Выбрать главу

Особенно нарядна эта улочка в субботу и воскресенье, когда на ней появляются художники. Они расставляют работы, развешивают их в ожидании туристов, желающих увезти с собой эскиз, рисунок или картину с классическими видами Боки или Каминито, которые давно уже признаны такими же типичными приметами «старого» Буэнос-Айреса, как набережные Сены — для Парижа или стены Колизея — для Рима. Разумеется, предложение значительно превышает спрос на эти шедевры, и поэтому каждый появившийся на Каминито турист мгновенно становится объектом повышенного внимания, предупредительности, а затем и настойчивых ухаживаний со стороны будущих, пока еще не открытых, не признанных миром аргентинских Утрилло и Лотреков.

Там, в этой сутолоке, я познакомился с Педро Гулькисом. Сейчас ему к семидесяти. Родился он в Западной Украине, входившей тогда в состав Польши. В Буэнос-Айрес привезли его пятилетним мальчишкой в середине двадцатых годов, когда отец, истомленный вечной нуждой портной, потащил свою обильную семью за океан в поисках лучшей доли. Вся родня его вымерла, так и не найдя счастья за океаном. Педро остался один. И с каким-то трогательным упорством он считает себя нашим соотечественником.

Узнав, что я из Москвы, Педро разволновался и немедленно предложил свои услуги в качестве «чичероне» по Каминито и Боке. «Все ясно,— подумал я.— Хочет заработать. Постарается продать мне свои рисунки...»

Теперь мне стыдно вспомнить об этом подозрении: Педро оказался добр, бескорыстен и беспредельно честен и щедр. Он показал мне такую Каминито, которую я никогда не увидел бы без его помощи и о которой не узнал бы из самых обстоятельных лекций профессора Делаканала. Педро пригласил меня войти в эти восхищающие туристов яркие домики и познакомил с живущими там людьми.

Педро и обратил мое внимание на одну существенную деталь: ни в один дом, ни в одну комнату во всех без исключения домах, находящихся на Каминито, входа с этой улицы нет! Да, да, пройдя Каминито из конца в конец, можно легко убедиться (хотя на это поначалу не обращаешь внимания), что на улицу не выходит ни один подъезд, ни одна дверь. Ни выйти на Каминито из дома, ни войти в дом. Все подъезды, двери, входы и выходы находятся на соседних улицах: Магальянес и Ла Мадрид. Это и понятно, если вспомнить, что когда-то по Каминито проходила железнодорожная ветка.

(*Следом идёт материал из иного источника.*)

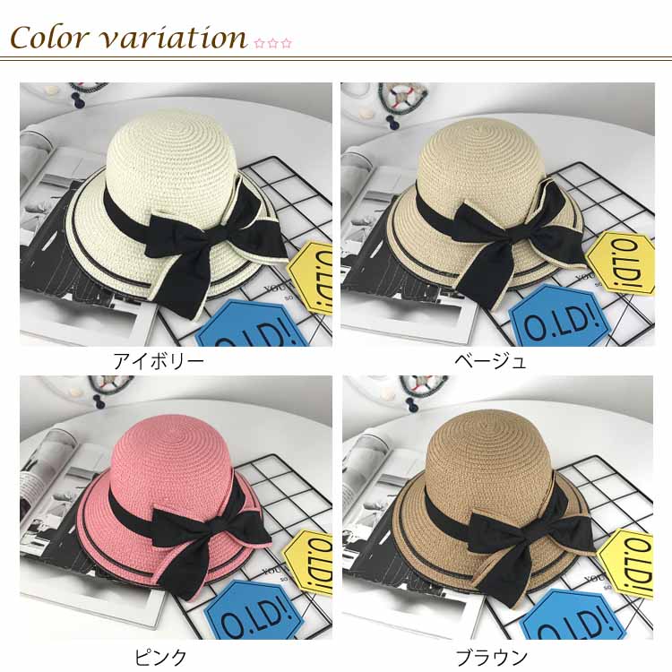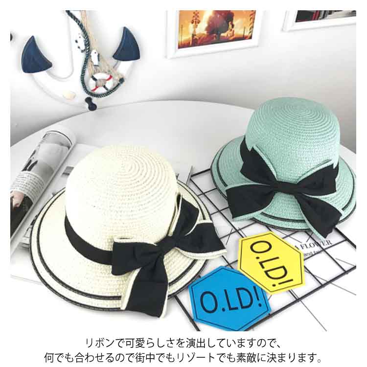 送料無料 親子ペアルック 麦わら帽子 帽子 つば広 ハット リボン キッズ レディース 日焼け防止 つば広帽 ストローハット ぼうし 帽子 uv対策 子供 夏 レジャー 海 リゾート 日差し対策 新作
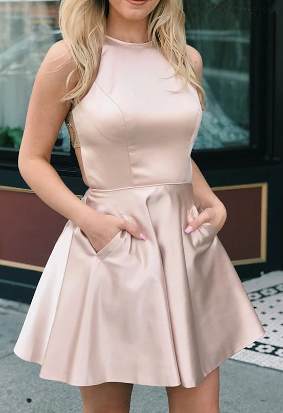 A-line Navy Blue Short Homecoming Dress with Beaded Back cg2935
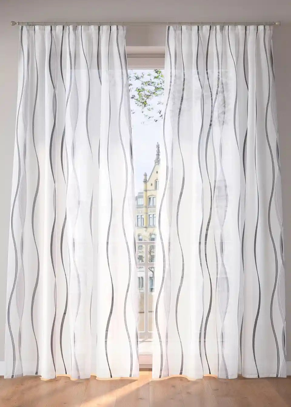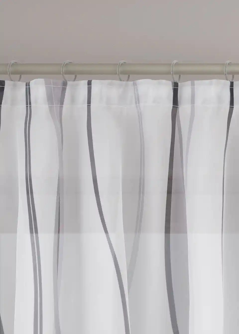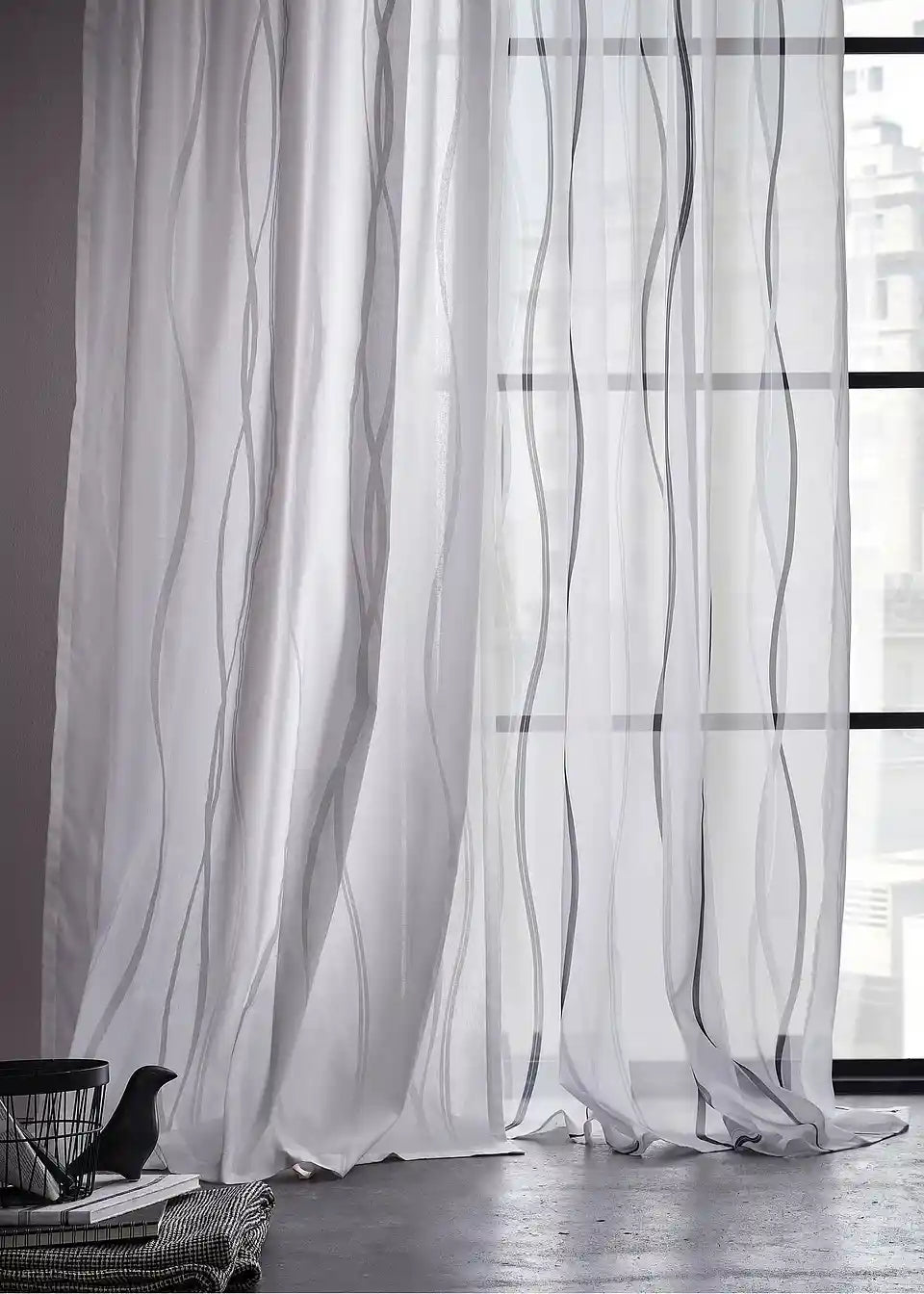 Polprosojna zavesa v kremno-/beli osnovi z barvnimi poudarki, na voljo v privlačnih barvnih različicah, iz lahkotne tkanine voile. Odlična za kombiniranje! Zavesa je vsestranska, saj se prilega številnim notranjim opremam in ima brezčasen dizajn.
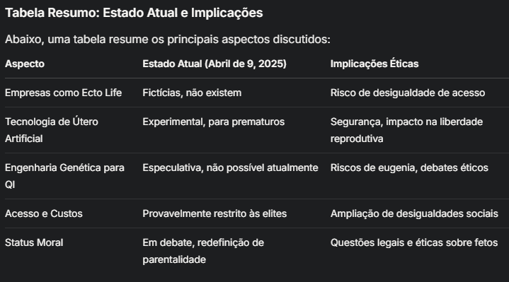 Pesquisas sugerem que empresas como Ecto Life não existem, e a escolha do QI através de ectogênese permanece especulativa até abril de 9, 2025. A tecnologia de úteros artificiais está em estágios iniciais, focada em aplicações médicas, enquanto a engenharia genética para inteligência enfrenta barreiras científicas e éticas. É essencial abordar essas questões para evitar desigualdades e garantir que os benefícios sejam amplamente compartilhados, caso tais tecnologias se tornem viáveis no futuro. Com base nessas tecnologias, podemos imaginar um futuro como o descrito a seguir, onde as desigualdades se intensificam.
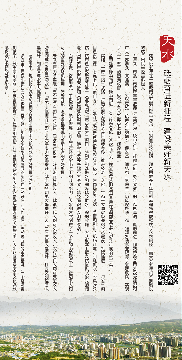 我們渴望這本小小的特刊,能夠盡可能準確的描繪未來五年天水發(fā)展的藍圖。

Какой смысл в двери, если, выйдя через нее, рискуешь угодить под колеса паровоза?

А потом, когда Каминито обрела современный вид, прорубать двери не было нужды по другой причине: нищета, обитающая в этих домах, не должна отпугивать туристов. Зачем нужны на Каминито оборвыши, клянчащие монетку, высматривающие, как стащить чужой кошелек? Разве украсит живописную туристскую толчею нищенка с заморенным ребенком, припавшим к иссохшей материнской груди? Ведь нищета вблизи отталкивает и пугает. Нищета живописна, только если смотреть на нее издали, из лимузина, оснащенного кондиционером, если скользить равнодушным взглядом через стекло по пестрому белью на веревках, перекинутых из окна к окну; детский крик вдалеке, женский плач и мужские проклятья становятся тогда просто экзотическим фоном.

Оказалось, что в одном из этих домов Педро снимает, как он сказал, «ателье-мастерскую». Это была, вне всякого сомнения, самая неудобная мастерская: крохотная комнатушка с маленьким окошком, выходящим во внутренний двор. Естественно, света там почти нет, и даже днем Педро вынужден зажигать лампочку.

— Они встретили меня неприветливо,— сказал Педро, кивая головой на стены и потолок.— Они думали, что я — друг домовладельца. Да и вообще: раз художник, значит, богатый человек. А потом поняли, что я — такой же, как они. Почти нищий. Труженик, который еле-еле сводит концы с концами. И никогда не станет богатым. А когда соседи поняли это, они приняли меня в свою общину, в свой маленький, такой сложный мир.

...Сверху послышался грохот. Я опасливо гляжу на потолок: не обвалится ли?

— Это Томас — водитель автобуса. Идет домой,— объясняет Педро.

Шаги Томаса стихают. Раздается стук. Скрипнула, хлопнула дверь. И снова тишина.

Мы с Педро выходим в узкий, как колодец, вымощенный камнем дворик. Поднимаемся по скрипучей лестнице на второй этаж. Я нагибаюсь, пытаясь не задеть головой развешанное над лестницей белье, и вижу старую женщину, склонившуюся над тазом с мыльной пеной.